What is rheumatoid arthritis?
An autoimmune multi-system disease
Initially localized to synovium
Inflammatory change and proliferation of synovium (pannus) leading to dissolution of cartilage and bone
So there is an imbalance of more pro-inflammatory factors to anti-inflammatory factors
How do we diagnose RA?
It is diagnosed clinically but these are the major signs - Morning stiffness > 1 hour - Arthritis of > 3 joints - Arthritis of hand joints - Symmetrical arthritis - Serum rheumatoid factor And there are other signs, but if you see these it is far too late and should have been treated ages ago. - Rheumatoid nodules - X-ray changes
What are RA treatment goals?
Symptomatic relief
Prevention of joint destruction
What is the general RA treatment strategy?
Early use of disease-modifying drugs Aim to achieve good disease control Use of adequate dosages Use of combinations of drugs Avoidance of long-term corticosteroids
What are SLE and vasculitis?
Both are multi-systemic, needs to be two or more systems involved(Heart and lungs are very connected so need more than these two alone)
Systemic Lupus Erythematosus -SLE
It is a systemic autoimmune disease
Vasculitis
Inflammation of blood vessels caused by an autoimmune response
What are the treatment goals in SLE and vasculitis?
Symptomatic relief e.g. arthralgia, Raynaud’s phenomenon in SLE
Reduction in mortality - induction of disease remission then maintenance
Prevention of organ damage e.g. renal failure in SLE
Reduction in long term morbidity caused by disease and by drugs
Name some immunosuppressants.
Corticosteroids Azathioprine Ciclosporin Tacrolimus Mycophenolate mofetil
Name some disease-modifying ant-rheumatic drugs (DMARDs)
Methotrexate (Most used) Sulphasalazine Anti-TNF agents Rituximab Cyclophosphamide (cytotoxic) (Can be dangerous)
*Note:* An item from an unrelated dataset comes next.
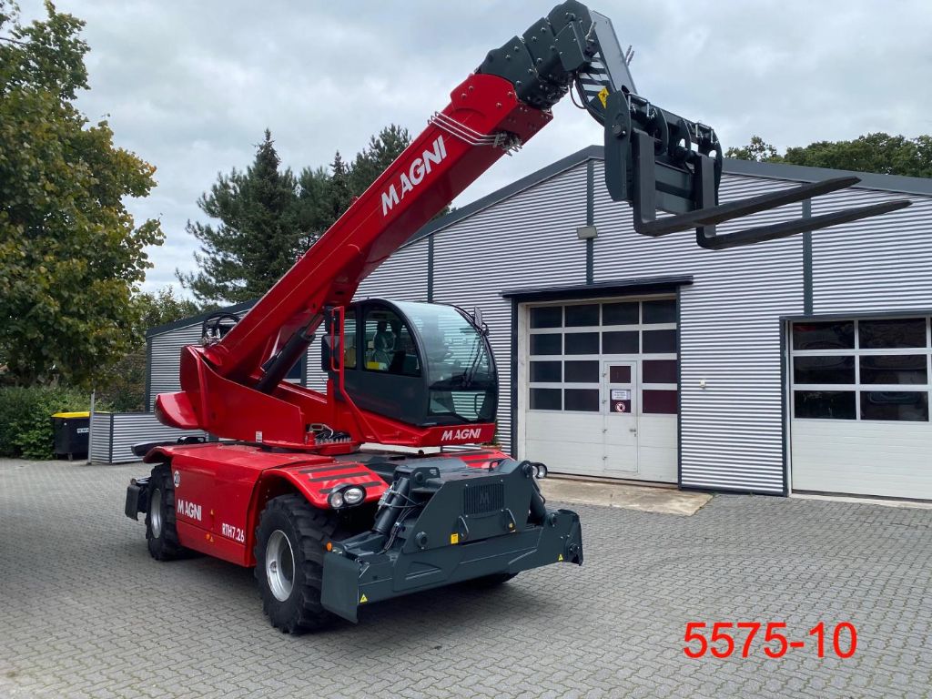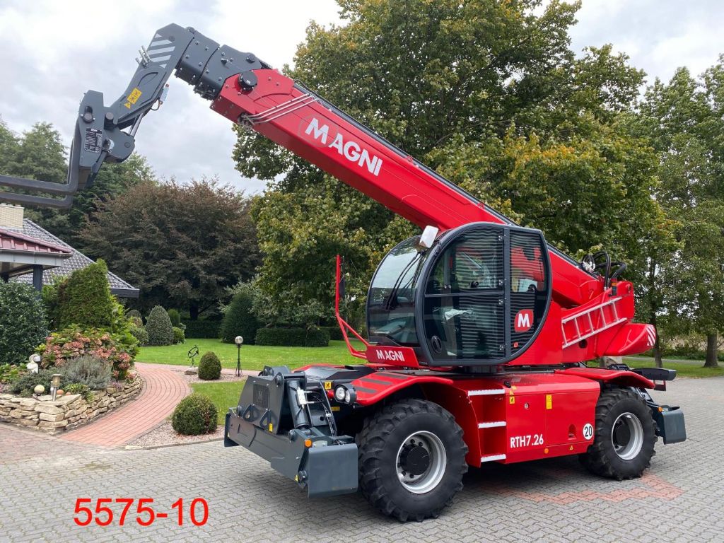 Der um 360° drehbare Teleskopstapler Magni RTH 7.26 kann bis auf eine Höhe von 26 m anheben. Der Teleskoplader ist mit Scherenstützen ausgerüstet, die für eine erhöhte Standsicherheit sorgen und damit hervorragend bei beengten Platzverhältnissen eingesetzt werden kann. Durch eine Vielzahl von erhältlichen Anbaugeräten kann der Magni RTH 7.26 zu den unterschiedlichsten Einsätzen genutzt werden, wobei die automatische Anbaugeräteerkennung R.F.ID die jeweiligen Lastdiagramme aktiviert.

What is the mechanism of action of corticosteroids?
Prevent interleukin (IL)-1 and IL-6 production by macrophages Inhibit all stages of T-cell activation
What are the key adverse effects of corticosteroids?
Weight gain Fat redistribution Striae Growth retardation Osteoporosis Avascular necrosis Glucose intolerance Adverse lipid profile Infection risk Cataract formation
What is azathioprine used for in practice?
SLE & vasculitis - as maintenance therapy
RA - weak evidence for efficacy
Inflammatory bowel disease
Bullous skin disease
Atopic dermatitis
Many other uses as ‘steroid sparing’ drug
What is azathioprine’s mechanism of action?
Cleaved to 6-mercaptopurine (6-MP)
Functions as an anti-metabolite to decrease DNA and RNA synthesis
What is the pharmacodynamic significance of azathioprine?
6-MP is metabolized by thiopurine methyltransferase
TPMT gene highly polymorphic
Individuals very markedly in TPMT activity
Those with low or absent TPMT levels are likely to develop myelosuppression (Bone marrow suppression)
Therefore test this before prescribing
What are the adverse effects of azathioprine?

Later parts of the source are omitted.